Guarantees. A second way of providing indirect resource support would be to expand the use of guarantee authority. The World Bank, for example, has authority to issue guarantees, but activity has been limited because of the Bank’s conservative accounting rules. Also, the USG has about $10 billion in guarantee authority available through Eximbank, about half of which was unused last fiscal year.
Flows vs. Stocks. Priority should be given to ideas that help reduce the near-term debt servicing burden (flows). Reducing the stock of outstanding debt should be of secondary importance.

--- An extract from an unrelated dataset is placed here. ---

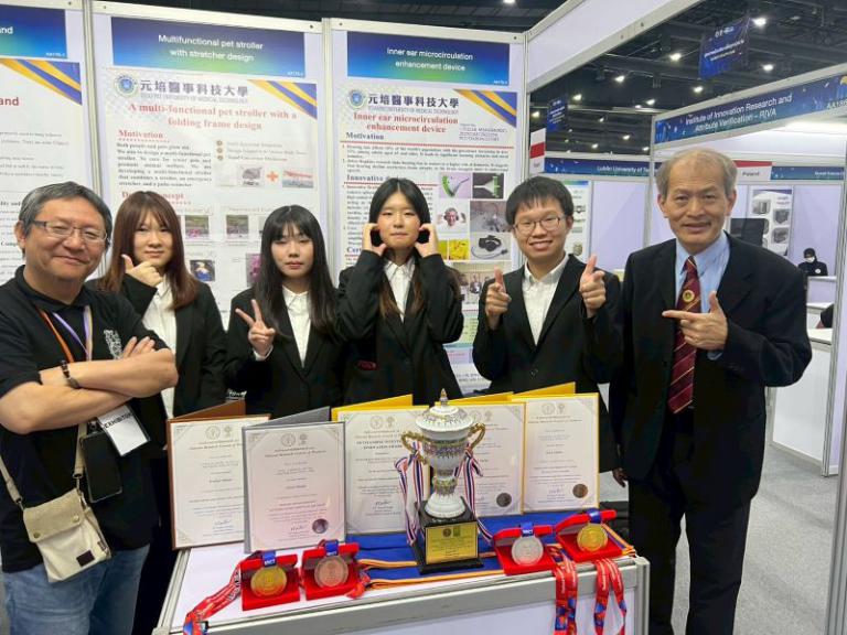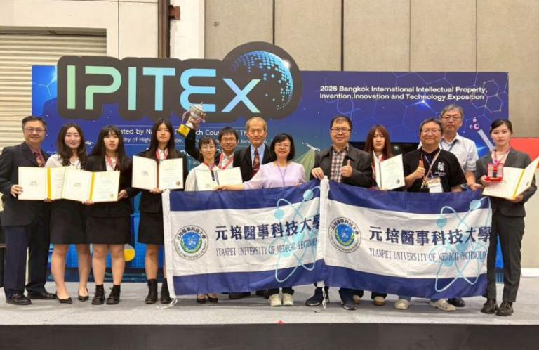 元培醫事科技大學師生團隊參加2026 曼谷國際發明展,在來自全球數百件優秀作品的激烈競爭中,憑藉醫療跨域整合AI技術、及智慧照護寵物保健創新,一舉斬獲3金、2銀、1銅及1項「大會傑出發明與創新特別獎」。

Next Steps: Treasury should form a small group composed of experts on bank regulation to identify appropriate regulatory changes. A revised U.S. policy is urgently needed to deal with imminent pressure from Mexico, where President Salinas has made debt renegotiation his top priority. Also, the Latin G–8 meeting now underway promises that the Bush Administration will be greeted with a unified Latin position on debt.5

  1. Source: Reagan Library, Stephen Farrar Files, Chronological File, Farrar Chron December 1988; NLR–177–9–6–8–2. Secret. Sent for information. A stamped notation in the right-hand corner of the memorandum reads: “Natl Sec Advisor has seen.”
  2. No minutes or summary of this meeting have been found.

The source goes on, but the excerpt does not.